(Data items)

◇ ◇ ◇ ◇

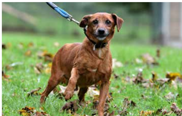
ALÍK / milý a aktivní kříženec pinče, 11 let, v útulku 2 roky, nutná jaterní dieta, hledáme mu spokojený domov na stáří

zjistili, že má vyřezlou plotýnku a jelikož je to mladý psík, dali jsme mu šanci a nechali ho operovat na veterinární klinice v Brně. Čeká ho ještě dlouhá cesta rehabilitace, a to také díky dobrovolnosti jedné hodné fyzioterapeutky, ale díky vašim darům dostal šanci na plnohodnotný život. Moc si vaší podpory ceníme a na konci roku bychom vám za nynějších zhruba 50 psů a 50 koček chtěli popřát klidné vánoční svátečky v přítomnosti vašich blízkých a vašich chlupatých rodinných členů, ať už jsou nebo nejsou z útulku. Do nového roku vám přejeme hodně šťastných chvil s vašimi čtyřnohými miláčky či parťáky. Děkuje vám za vaši celoroční podporu. Návštěvní doba v době svátků bude uveřejněna na našem webu a Facebooku Útlek Zlín. /red/
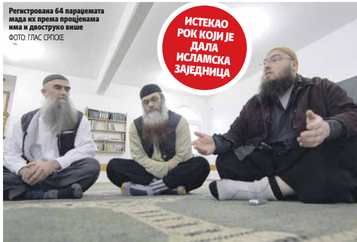
Регистрована 64 параџемата мада их према процјенама има и двоструко више

У БиХ су регистрована 64 параџемата, а према независним информацијама, њихов број досеже и 120. Ријасет Исламске заједнице обавезао је у децембру прошле године муфтије и имаме да организаторима тих параџемата укажу на штетност њиховог дјеловања и да им наложе да престану са одржавањем вјерских активности у нелегалним објектима које користе као месциде. Имами, међутим, нису успјели да у залатом року приволе представнике група да затворе нелегалне месциде и да се прикључе
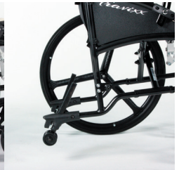
TRAVIXX COMFORT LITE PLUS | FOTO 30
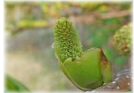
オオバヤシャブシ 雄花の花粉はアレルギーの原因として知られていますが、こちらは雌花です。
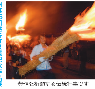
豊作を祈願する伝統行事です

文化財継承事業 「北川崎の虫追い」に自分で作った松明を持って参加しませんか ①松明作り・講習会：7月9日(予備日7月16日)、午前8時30分～11時 ②虫追い：7月24日(月)、午後6時～8時 ③北川崎集会所(北川崎1-7) 市内在住のおおむね小学3年生以上のお子さんと保護者等15組、一般の方10人 無料(飲み物、タオル、軍手、帽子、カメラ(必要なら))。服装は長袖・長ズボン。6月11日(日)、午前10時から直接または電話で左記へ。市ホームページから電子申請でも申し込みできます。 問 新方地区センター ☎971-0800
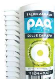
FRESH ŠOLJICA PLASTIČNA 0,10L 15/1
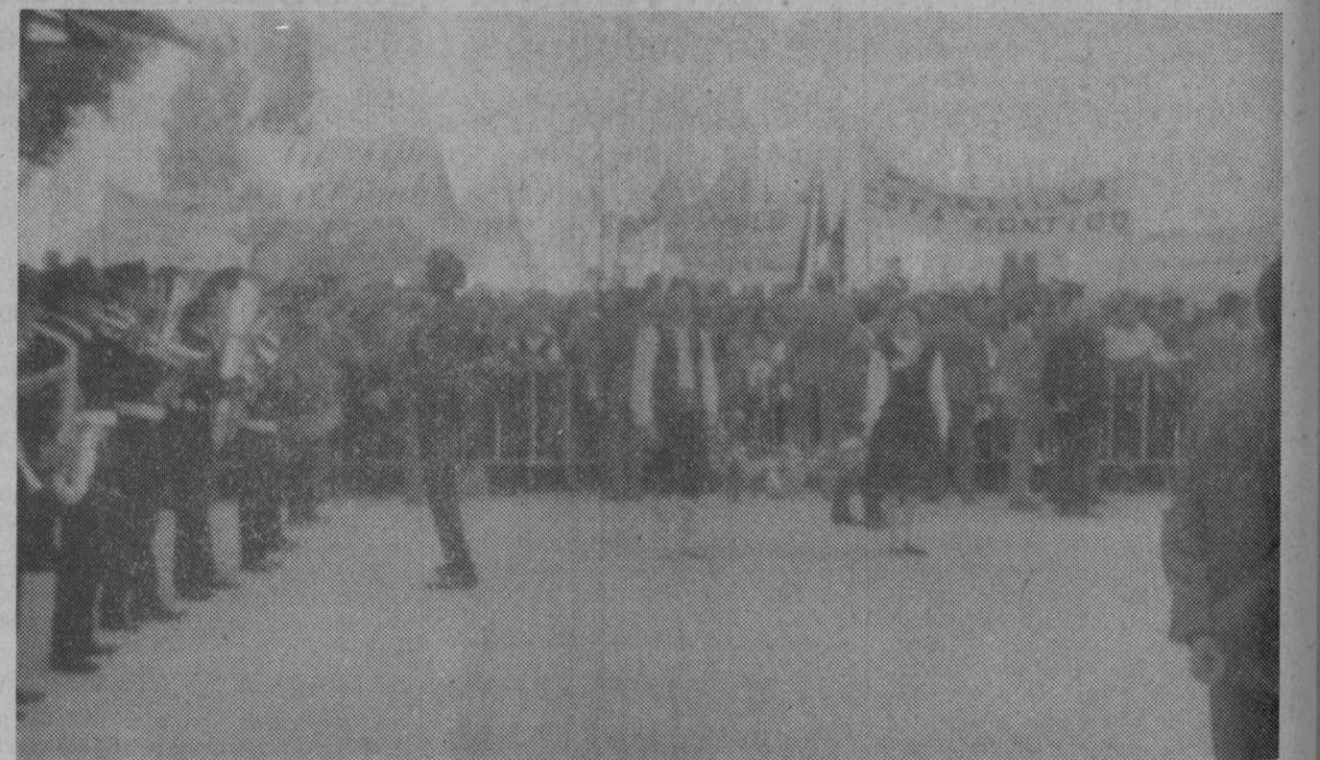
Vista parcial del público congregado en las proximidades de la estación de ferrocarril de Turrubuelo, portando pancartas de adhesión al Caudillo. En primer término, a la izquierda, la banda de música de El Espinar, y a la derecha, la pareja de segovianos que ofrecieron a Su Excelencia una cesta con productos típicos de la tierra.
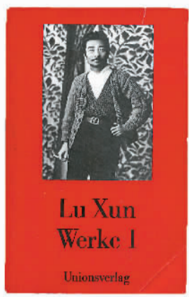
顾彬主编的德文《鲁迅选集》
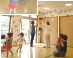
「ほっと・すぺーす」のリトミック体操

にロープで綱渡り、フラフープの輪でブランコや棒の上に立ったり等のアクロバティックなことにも挑戦。「できた時の笑顔がキラキラしていた」「来るたびに新しいことができたり」「家でもやってみたい。」など好評です。
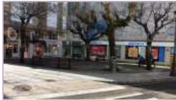
Praza de Pacual Veigar
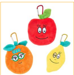
フルーツポーチ(全3種) 各 1,590円
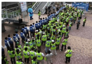
職員と地元商店会などと合同で実施。
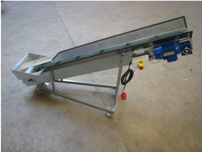
Zd. 2 Statyw do podajnika
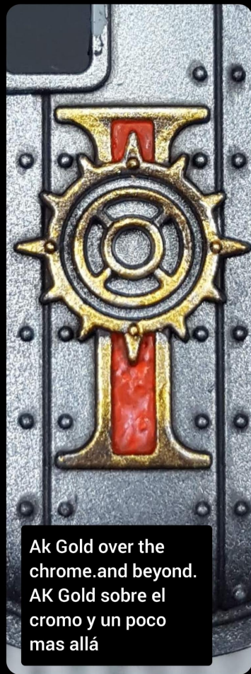
Ak Gold over the chrome.and beyond. AK Gold sobre el cromo y un poco mas allá
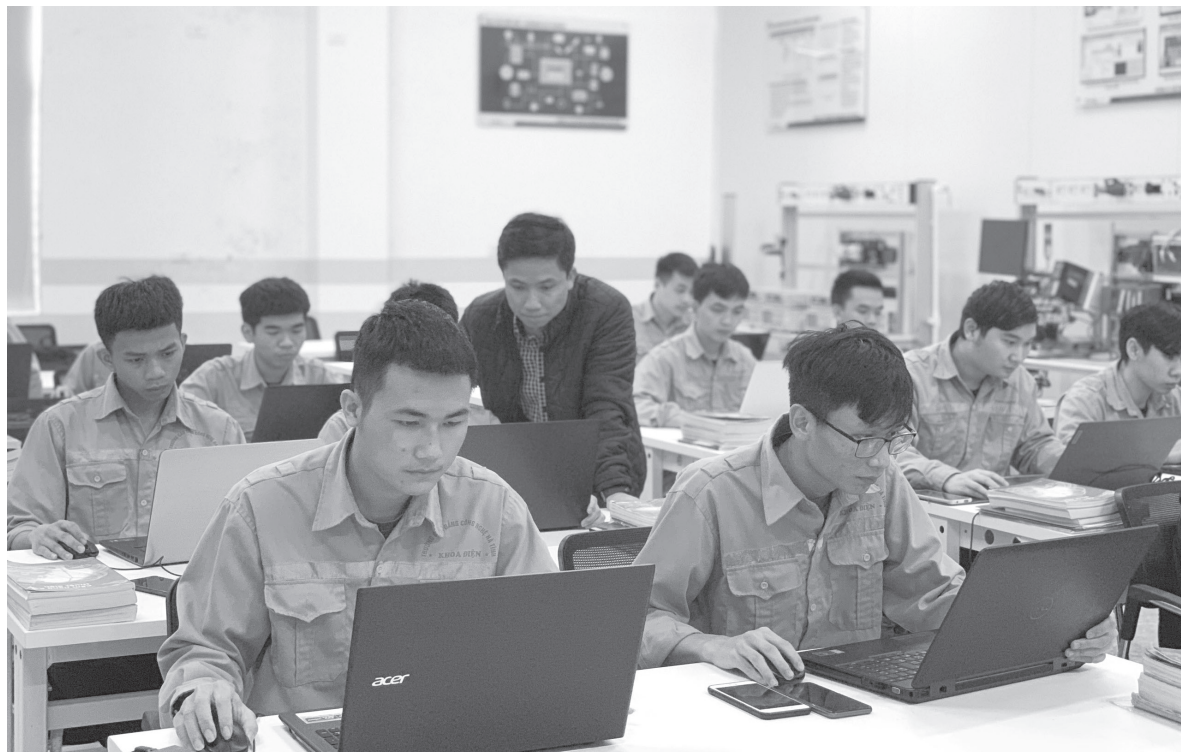
Tiết học của lớp đào tạo chất lượng cao theo tiêu chuẩn Quốc tế tại trường Cao đẳng Công nghệ Hà Tĩnh
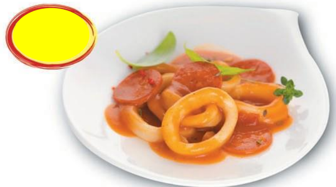
POELÉE DE CALAMARS A LA CATALANE 2K - 10 PARTS 200G
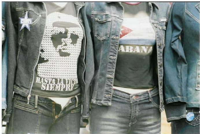
Foto de maniquies en un escaparate de moda joven

Las prendas de Tehuacán tienen como destino final a los consumidores estadounidenses que compran en las tiendas departamentales más grandes de Estados Unidos como Wal-Mart, The Limited, JC Penney, The May Department Stores y Gap 79 . En estas tiendas los pantalones que se producen en Tehuacán y en países centroamericanos o asiáticos llegan a costar hasta mil pesos.
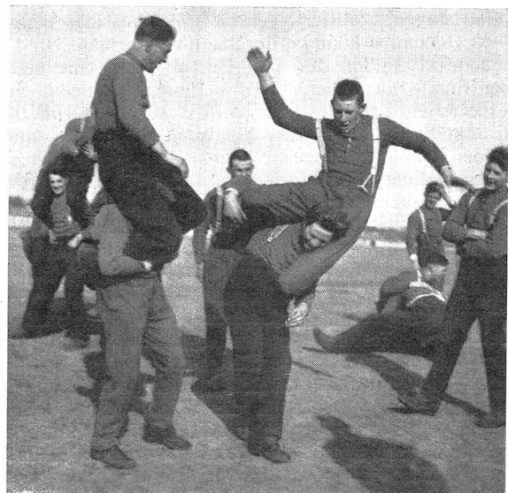
R.-S. I. der Motorwagentruppe Zweikampf auf den Schultern eines Kameraden wirkt anregend und stählt den Mut

Die Gasschutzkonferenz in Bern vom 9. November 1931, über welche hier bereits schon berichtet wurde, hat wieder einmal deutlich gezeigt, daß es noch weite Kreise in unserm Volk zu geben scheint, die der Ueberzeugung leben, unsere Schweiz könne erwirken, daß die ganze übrige Welt vom Gebrauch der chemischen Kampfstoffe

◇ ◇ ◇ ◇

Aim of the task: Word for word, restate the records above and drop the pictures.

Task answer:
ALÍK / milý a aktivní kříženec pinče, 11 let, v útulku 2 roky, nutná jaterní dieta, hledáme mu spokojený domov na stáří

zjistili, že má vyřezlou plotýnku a jelikož je to mladý psík, dali jsme mu šanci a nechali ho operovat na veterinární klinice v Brně. Čeká ho ještě dlouhá cesta rehabilitace, a to také díky dobrovolnosti jedné hodné fyzioterapeutky, ale díky vašim darům dostal šanci na plnohodnotný život. Moc si vaší podpory ceníme a na konci roku bychom vám za nynějších zhruba 50 psů a 50 koček chtěli popřát klidné vánoční svátečky v přítomnosti vašich blízkých a vašich chlupatých rodinných členů, ať už jsou nebo nejsou z útulku. Do nového roku vám přejeme hodně šťastných chvil s vašimi čtyřnohými miláčky či parťáky. Děkuje vám za vaši celoroční podporu. Návštěvní doba v době svátků bude uveřejněna na našem webu a Facebooku Útlek Zlín. /red/
Регистрована 64 параџемата мада их према процјенама има и двоструко више

У БиХ су регистрована 64 параџемата, а према независним информацијама, њихов број досеже и 120. Ријасет Исламске заједнице обавезао је у децембру прошле године муфтије и имаме да организаторима тих параџемата укажу на штетност њиховог дјеловања и да им наложе да престану са одржавањем вјерских активности у нелегалним објектима које користе као месциде. Имами, међутим, нису успјели да у залатом року приволе представнике група да затворе нелегалне месциде и да се прикључе
TRAVIXX COMFORT LITE PLUS | FOTO 30
オオバヤシャブシ 雄花の花粉はアレルギーの原因として知られていますが、こちらは雌花です。
豊作を祈願する伝統行事です

文化財継承事業 「北川崎の虫追い」に自分で作った松明を持って参加しませんか ①松明作り・講習会：7月9日(予備日7月16日)、午前8時30分～11時 ②虫追い：7月24日(月)、午後6時～8時 ③北川崎集会所(北川崎1-7) 市内在住のおおむね小学3年生以上のお子さんと保護者等15組、一般の方10人 無料(飲み物、タオル、軍手、帽子、カメラ(必要なら))。服装は長袖・長ズボン。6月11日(日)、午前10時から直接または電話で左記へ。市ホームページから電子申請でも申し込みできます。 問 新方地区センター ☎971-0800
FRESH ŠOLJICA PLASTIČNA 0,10L 15/1
Vista parcial del público congregado en las proximidades de la estación de ferrocarril de Turrubuelo, portando pancartas de adhesión al Caudillo. En primer término, a la izquierda, la banda de música de El Espinar, y a la derecha, la pareja de segovianos que ofrecieron a Su Excelencia una cesta con productos típicos de la tierra.
顾彬主编的德文《鲁迅选集》
「ほっと・すぺーす」のリトミック体操

にロープで綱渡り、フラフープの輪でブランコや棒の上に立ったり等のアクロバティックなことにも挑戦。「できた時の笑顔がキラキラしていた」「来るたびに新しいことができたり」「家でもやってみたい。」など好評です。
Praza de Pacual Veigar
フルーツポーチ(全3種) 各 1,590円
職員と地元商店会などと合同で実施。
Zd. 2 Statyw do podajnika
Ak Gold over the chrome.and beyond. AK Gold sobre el cromo y un poco mas allá
Tiết học của lớp đào tạo chất lượng cao theo tiêu chuẩn Quốc tế tại trường Cao đẳng Công nghệ Hà Tĩnh
POELÉE DE CALAMARS A LA CATALANE 2K - 10 PARTS 200G
Foto de maniquies en un escaparate de moda joven

Las prendas de Tehuacán tienen como destino final a los consumidores estadounidenses que compran en las tiendas departamentales más grandes de Estados Unidos como Wal-Mart, The Limited, JC Penney, The May Department Stores y Gap 79 . En estas tiendas los pantalones que se producen en Tehuacán y en países centroamericanos o asiáticos llegan a costar hasta mil pesos.
R.-S. I. der Motorwagentruppe Zweikampf auf den Schultern eines Kameraden wirkt anregend und stählt den Mut

Die Gasschutzkonferenz in Bern vom 9. November 1931, über welche hier bereits schon berichtet wurde, hat wieder einmal deutlich gezeigt, daß es noch weite Kreise in unserm Volk zu geben scheint, die der Ueberzeugung leben, unsere Schweiz könne erwirken, daß die ganze übrige Welt vom Gebrauch der chemischen Kampfstoffe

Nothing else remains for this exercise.